# How would I butt multiple edges together for table?



## Shpigford (Aug 7, 2009)

I'm looking into building a desk similar to this one where you've got multiple long pieces of wood that are butted together side by side.

I'm wondering what the best way to do this is while still maintaining some structural integrity.

Would some sort of peg-and-hole system be strong enough? Or would I need to run some support bars underneath to _really_ make it sturdy?


----------



## woodnthings (Jan 24, 2009)

*Not really "butted" but edge to edge joined*

Butted usually means end to end. You can join multiple lengths edge to edge in sections then glue the sections together to form one large surface. No structural supports underneath are necessary unless the whole slab is free floated on legs on either ends. Glue, properly applied and clamped is stronger than the wood itself in most cases.
Your problem will be leveling the whole slab out once it's in it's final width. Normal home shop planers will handle 12" to 15" and you will probably end up with 30" or so. Handplaning or belt sanding or a source with a wide belt sander are your choices. Cabinet shops will be a source for the wide belt sander or a school shop. :thumbsup: bill


----------



## Shpigford (Aug 7, 2009)

Thanks for the reply Bill. So do you think I could forgo the peg/hole bit completely and just use glue and clamps?


----------



## woodnthings (Jan 24, 2009)

*Yup!*

Pegs, dowels and bisquits, don't really add strength. and are a pain to line up correctly with out jigs and such, so why bother?:thumbsup: bill


----------



## skymaster (Oct 30, 2006)

Just buy a pc of butcherblock, way easier and cheaper in the end. That is what the table in the pic is, just mounted on legs :}


----------



## cabinetman (Jul 5, 2007)

Long edge gluing and clamping is all that's necessary. It may be easier to control doing only two or three at a time.

If the series of boards are dimensioned and machined properly, they can be just edge glued and clamped. You could get good rips from the table saw, or from a jointer for the mating edges. I use a block sander and give the mating edges a quick swipe before glue up just to get a smooth clean edge.

I don't use biscuits as IMO, they don't insure alignment. There is enough spacing to allow the biscuit to slide in, and there is room for glue. That minimal gap can allow for movement while gluing and clamping. If anything I may use a spline. Pegs/dowels for this procedure are really a waste of time.

What will insure alignment is the use of cauls. They are strips of wood or other material, with a straight edge that get clamped on edge across the series of boards, top and bottom, that are being glued up. What the process will look like is cauls across the boards, and clamps on the cauls. This keeps everything flat and tight. I don't suggest using tapered cauls, which are supposed to account for the caul bending. I use cauls that are massive enough in their thickness and width that don't bend. Some are wood, some are metal. For the glue up, waxed paper can be used between the cauls and the boards as a glue barrier.

As for the offset that may result of boards slipping under being clamped, or due to overclamping, a wide belt sander would be the most ideal method.
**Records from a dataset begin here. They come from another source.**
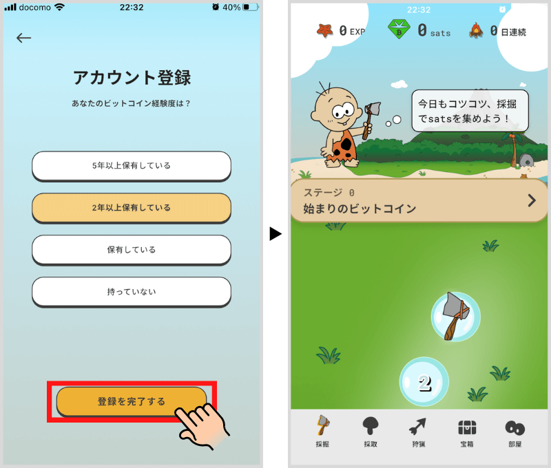 この記事では、アプリのダウンロードから登録までの詳しい始め方、クイズやミッションで効率的にビットコイン(sats)を稼ぐ方法を画像付きで解説しました。
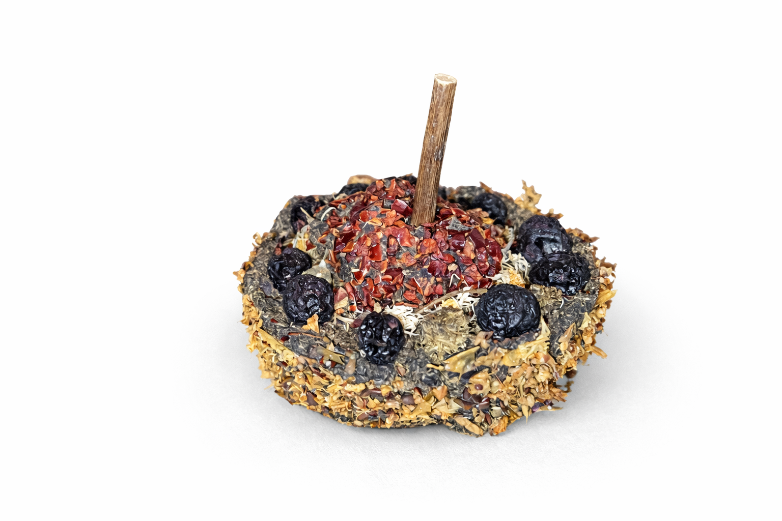 Obsahuje: březovou kůru, zelený oves, sušenou zeleninu (mrkev, celer, petržel, červená řepa), rybízové listy, extrudované lněné semínko, echinacea, měsíček lékařský, ibišek květ, sušené jahody, sušené hrušky, kořen pampelišky, jitrocelové listy, kukuřičné listy, pamlsky - kopřivák, mrkvička, jahůdka, kostička se sedmikráskou, tyčinka s řapíkatým celerem, kolečko s růží, kolečko s koprem, kytička s jablky. Dárek od nás - borůvkový dortík.
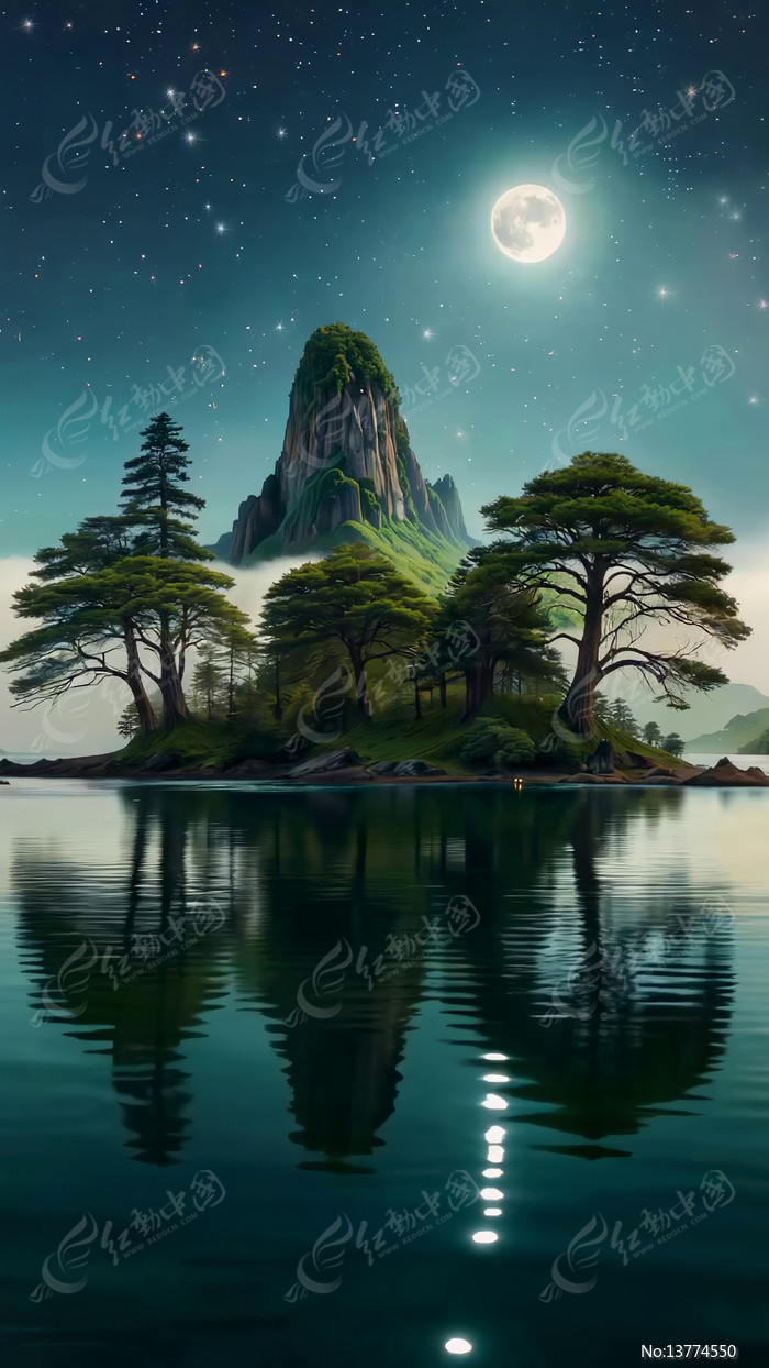 月夜山林湖面风景

Just treating the offset, may leave a high and low wave along the board. You just can't scrape or sand the high edge, as that board may be high on that joint and low on the other edge. IOW, the whole top across the glue up has to be uniformly leveled to the lowest point.

What helps in getting even cross clamping is to alternate which side the clamps are on. IOW, you don't want all the cross clamps on top of the boards.


----------



## JEC559 (Jul 1, 2009)

I just built a table and edge glued them but I also used bisquits to line everything up. I do not have a planer so not all the boards were the exact same thickness. The bisquits helped keep it pretty close.


----------



## The Everyman Show (Jul 10, 2009)

Lots of great ideas and opinions but I personally prefer to use a spline cutter with my router for applying the slots for biscuits. Very accurate and very easy to do. Not every assembly method suits all people but I for one would almost always use biscuits or a loose spline of some kind when gluing up a top like the one you describe. It sure does cut down on the amount of dressing and clean up afterwards. Using a clamp on the underneath and also on top will eliminate a lot of the potential bow when you do your glue up. 
If you use Titebond II (or a similar premix bottle glue) when you do glue your top together just make sure you have a wet rag and damp/dry rag and clean up the glue squeeze out immediately to prevent any long term glue residue stains. This will also help in preventing any future wood stains from being applied unevenly if you do have any left over glue residue on your board.
Good luck with your project.


----------



## scribbles (Mar 2, 2009)

call ikea, 

http://www.ikea.com/us/en/catalog/products/60057852

cheap and easy. It will cost less than the lumber to make.


----------



## rrobor (Jul 22, 2009)

I would put some alignment locators between the boards. Its not so much as glue wont hold, its that boards tend to twist, to bow and other nasty things. With all things in nature time and pressure can slowly do strange things. With biscuits, dowels or a grove and tongue in place, your piece may last for centuaries.


----------